Great news @jsiegle ! The v0.6.0 release looks exciting and seems to have many broad steps in the right direction; glad the HTTP server made the cut. Is there an approximate date for v0.6.0 release you're aiming for? If it's flexible, I should be able to look over the changes in the next ~week or so, otherwise I can adjust my priorities. Thanks!

jsiegle commented 2 years ago

We will be testing for at least a month before the official release, so anytime in the next few weeks is good!

jsiegle commented 2 years ago

Version 0.6.0 of the GUI has now been officially released, and incorporates the HTTP Server code you developed. Thanks a lot for that!

The Spike Sorter now lives in its own repository. If you'd like to incorporate some of your changes to that plugin, you can open up a pull request there.

We are interested in making the River Output available via the Plugin Installer later this year — we'll be in touch soon about that.

pbotros commented 2 years ago

Great to hear @jsiegle - and sorry about never getting around to looking back over the existing HTTP code. Glad it got shipped!

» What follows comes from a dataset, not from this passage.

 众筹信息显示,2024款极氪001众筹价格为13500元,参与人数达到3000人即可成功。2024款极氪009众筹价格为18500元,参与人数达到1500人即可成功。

Re: Spike Sorter: definitely, that could be something I see myself taking on in the near future. There might be a few straightforward parts to break off of my implementation that could help the Spike Sorter, namely proper threshold crossing detection and supporting more than 2D ellipsoids for PCA-based sorting.

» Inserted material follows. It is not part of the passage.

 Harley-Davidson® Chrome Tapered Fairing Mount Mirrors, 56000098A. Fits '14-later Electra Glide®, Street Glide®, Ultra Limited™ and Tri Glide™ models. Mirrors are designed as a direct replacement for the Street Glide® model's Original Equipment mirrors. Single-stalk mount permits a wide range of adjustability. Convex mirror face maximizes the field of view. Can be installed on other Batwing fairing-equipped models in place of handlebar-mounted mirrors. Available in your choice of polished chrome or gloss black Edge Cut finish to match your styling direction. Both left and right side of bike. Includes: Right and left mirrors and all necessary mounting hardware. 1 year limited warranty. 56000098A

Re: River: of course! If you're curious, its documentation has been revamped recently, and happy to chat about it at any time. For making it available via the Plugin Installer, aside from some cleanup on the plugin itself, would I follow the "Creating a new plugin" instructions?

jsiegle commented 2 years ago

We actually split off the spike detection code from the Spike Sorter, so now it just modifies the sortedID value for spikes that were generated upstream. This prevents the need for redundant code between the Spike Detector and the Spike Sorter, and doesn't seem to add any processing overhead. We've also made a bunch of improvements to the Spike Detector, including automated threshold setting and a much more user-friendly configuration interface.

So I think the threshold-related changes would need to go into the Spike Detector, while the multi-D ellipsoids would go into the Spike Sorter.

For the River Plugin, you should start with the processor-plugin-template and add the necessary code to that. Once you have the basic functionality in place, we can fork it and configure everything for distribution via the Plugin Installer.